If truth be told, only half the STAR TREK movies are
really any good in the annals of film history and
NEMESIS is hardly the worst of the series. With its
parallel plotlines concerning self-identity and
familial connection, NEMESIS easily paints the most
intricate tapestry of any TNG pic, even if its full
potential is never entirely realized. The overarching
criticism in my original review was that the film
seemed over-edited, with scenes like Picard and Data
talking about the future sucked out in favor of action
segments like the chase sequence on Kolarus III (a
portion that many seem intent on sucking any enjoyment
from by insisting that it was a violation of the Prime
Directive, even though the Kolaruns fired first).
Upon re-watching the film, however, the final cut is
probably as close to the best one that could have been
managed. There remain several long dialogue exchanges
that, while full of wonderful STAR TREK-ism like the
debate that Picard undertakes with Shinzon,
would've severely jeopardized the pace of the movie if
they had been any longer. After watching several of
these moments in the DVD's deleted scene gallery, I've
come to the conclusion that many of the problems were
rooted in the script and couldn't have been remedied
through editing without significant rewrites.
All in all, NEMESIS is guilty of little more than some
questionable costume design and insensitivity to
the fact that what the fans say they want may not really be
what they want. But then again, there's really no
evidence to suggest that the fans let NEMESIS down so
much as it was scheduled among a plethora of broader-appealing event pictures a mere
five days before the Oscar-contending film of the moment. The critics, however, would have us believe NEMESIS bombed because it was the worst film since WATERWORLD or some other colossal misfire.
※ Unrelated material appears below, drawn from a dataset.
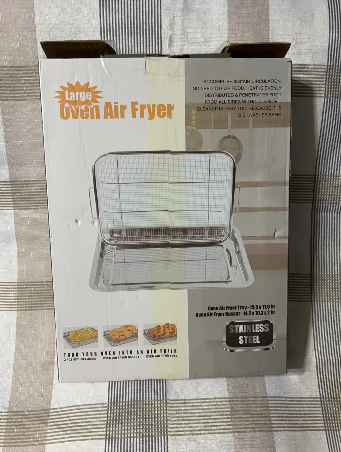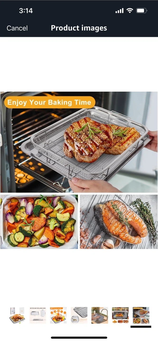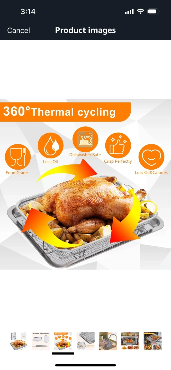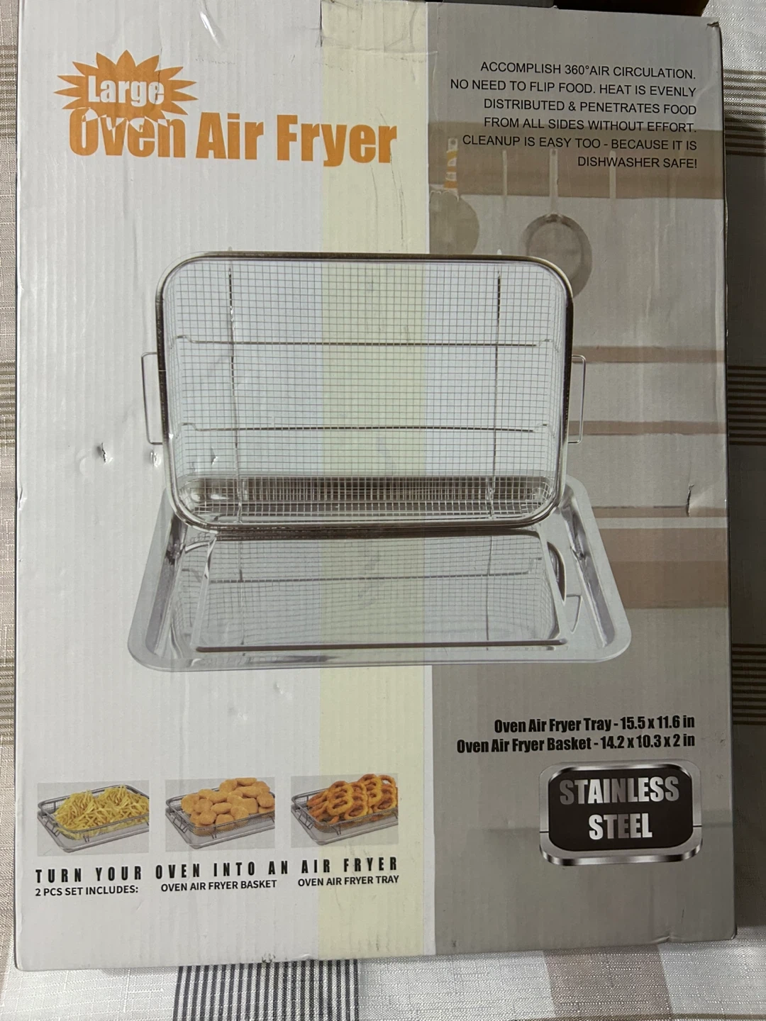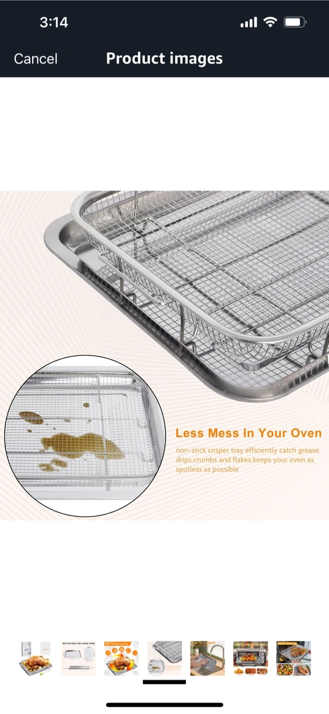 Get ready to enjoy your baking time with this stainless steel oven baking pan and crisper basket! It's designed to make meals crispy and delicious with less oil, thanks to its 360° thermal cycling. Plus, it's dishwasher safe for easy cleanup! The set is food grade and helps reduce oil and calories in your cooking. Dimensions are 38cm/15.6x in x 28cm/11.6in.

Unfortunately for STAR TREK, it's a myth more easily debunked in the calm of hindsight and six months too late.
The NEMESIS DVD comes with something of a first in the world of STAR TREK: never before seen deleted scenes from the movie. Seven of them, in fact. This is the first TREK movie to release this type of material so soon after theatrical release and certainly the only TNG film to do so. GENERATIONS and INSURRECTION both had a lot of footage excised, none of which has surfaced officially from Paramount. With NEMESIS it was almost a given there would be some on the disc, considering 45 minutes of footage was cut from the final version of the movie. Thankfully, the folks at Paramount Home Entertainment were successful in coaxing Rick Berman from his anti-lost footage stance for this release. Surprisingly, he had little to fear.
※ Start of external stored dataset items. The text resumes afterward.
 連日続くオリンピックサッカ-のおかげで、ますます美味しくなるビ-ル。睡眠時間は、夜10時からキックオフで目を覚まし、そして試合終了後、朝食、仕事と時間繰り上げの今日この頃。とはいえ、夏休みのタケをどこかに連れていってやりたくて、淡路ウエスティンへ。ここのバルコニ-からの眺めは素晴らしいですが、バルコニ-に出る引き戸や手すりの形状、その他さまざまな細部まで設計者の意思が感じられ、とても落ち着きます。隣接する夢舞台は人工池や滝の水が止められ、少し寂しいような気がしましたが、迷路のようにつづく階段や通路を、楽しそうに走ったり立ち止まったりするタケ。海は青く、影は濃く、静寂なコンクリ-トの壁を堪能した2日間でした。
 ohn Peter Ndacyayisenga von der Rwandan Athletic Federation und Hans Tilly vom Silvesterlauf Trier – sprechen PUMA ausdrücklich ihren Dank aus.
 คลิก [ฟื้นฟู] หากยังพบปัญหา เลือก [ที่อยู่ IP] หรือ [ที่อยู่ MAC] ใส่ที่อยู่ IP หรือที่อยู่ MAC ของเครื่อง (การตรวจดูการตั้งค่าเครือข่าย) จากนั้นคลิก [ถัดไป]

Much was made of the missing scenes by fans (myself included) surrounding the movie’s release, proclaiming that the film could’ve been a masterpiece if not for some overly anxious scissor hands. What we see in these seven clips, however, is a collection of scenes best left out of the picture. Probably the most infamous is that of Picard and Data sipping Chateau Picard in the captain’s quarters after the wedding in what would’ve been a foreshadowing of the film’s emotional conclusion. Amazingly, this scene was right to be left out. At about three minutes, the scene is mostly a vacuous soliloquy by Stewart and Logan’s writing is just too on the nose. There is no doubt about the function of a scene like this (cf McCoy in Kirk’s apartment in ST2, but without any of the energizing conflict between the two), but this one would’ve just added to an already long-winded feature and needed reworking in the script phase. Some of the material, about Picard losing his family, could’ve been easily added to the end of the wedding sequence but in this scene it seems as though Picard says twice as much as he needs to get his point across and worse yet, it probably would’ve been too obvious a setup for film’s conclusion.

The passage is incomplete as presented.